» **Given records**
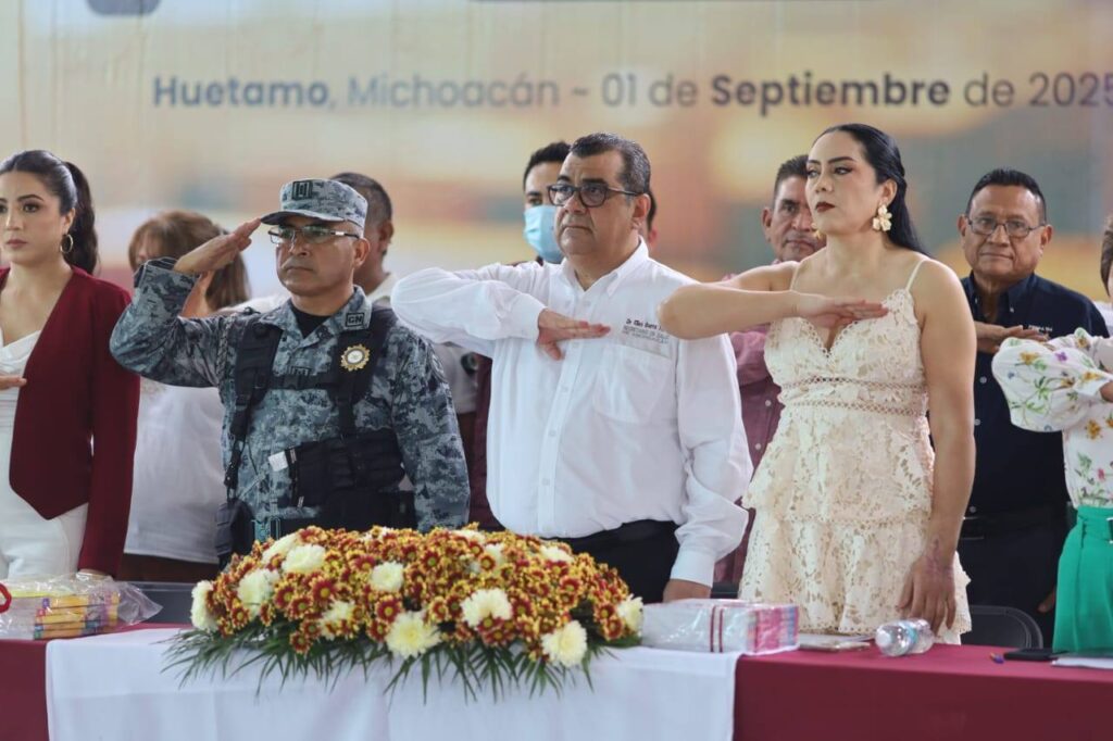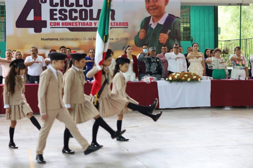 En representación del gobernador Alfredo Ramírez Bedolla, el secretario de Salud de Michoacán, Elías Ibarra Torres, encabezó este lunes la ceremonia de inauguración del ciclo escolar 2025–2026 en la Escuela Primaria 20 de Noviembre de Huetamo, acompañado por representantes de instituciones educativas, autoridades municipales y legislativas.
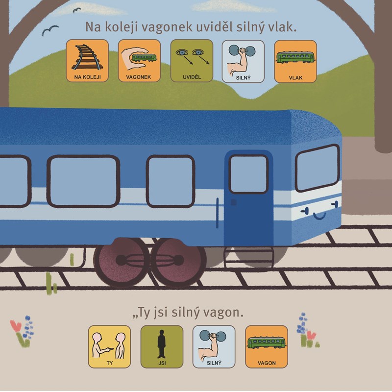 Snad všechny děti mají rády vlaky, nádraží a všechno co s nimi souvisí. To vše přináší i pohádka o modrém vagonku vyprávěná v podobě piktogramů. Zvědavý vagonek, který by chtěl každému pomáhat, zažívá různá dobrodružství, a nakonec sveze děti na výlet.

...

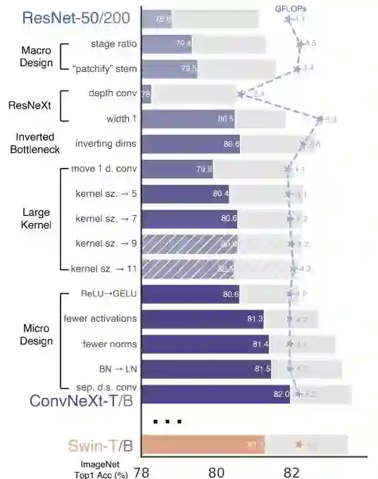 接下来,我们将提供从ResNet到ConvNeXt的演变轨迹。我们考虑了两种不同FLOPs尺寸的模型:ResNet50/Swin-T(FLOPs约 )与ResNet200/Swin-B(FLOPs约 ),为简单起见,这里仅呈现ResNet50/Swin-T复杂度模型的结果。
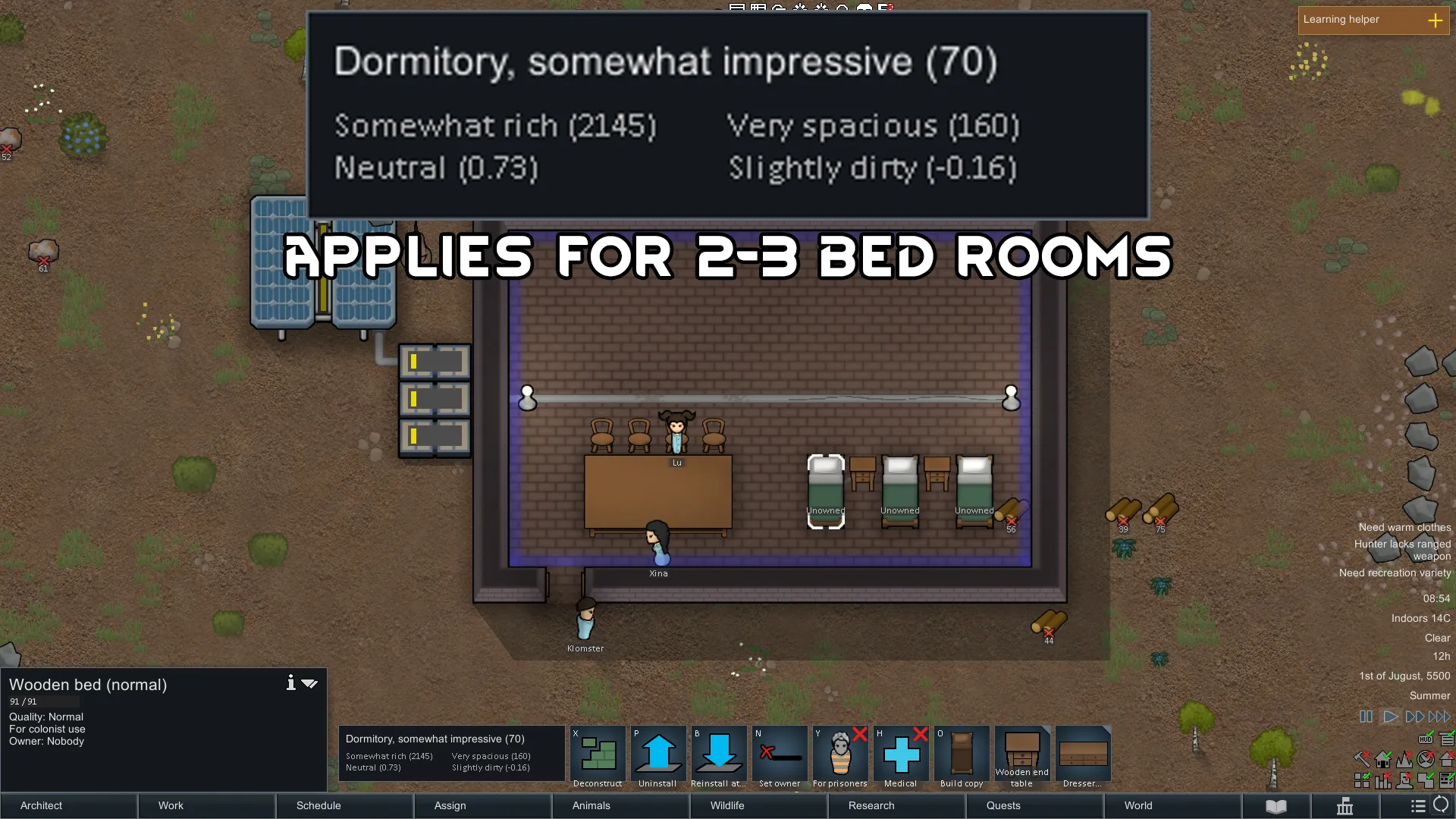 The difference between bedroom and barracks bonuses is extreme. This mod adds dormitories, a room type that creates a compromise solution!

» **Brief**
Only the lines above starting with the line with "En representación del" and going on through the line with "Snad všechny děti" belong in the answer; repeat them exactly, minus any picture.

» **Answer section**
 En representación del gobernador Alfredo Ramírez Bedolla, el secretario de Salud de Michoacán, Elías Ibarra Torres, encabezó este lunes la ceremonia de inauguración del ciclo escolar 2025–2026 en la Escuela Primaria 20 de Noviembre de Huetamo, acompañado por representantes de instituciones educativas, autoridades municipales y legislativas.
 Snad všechny děti mají rády vlaky, nádraží a všechno co s nimi souvisí. To vše přináší i pohádka o modrém vagonku vyprávěná v podobě piktogramů. Zvědavý vagonek, který by chtěl každému pomáhat, zažívá různá dobrodružství, a nakonec sveze děti na výlet.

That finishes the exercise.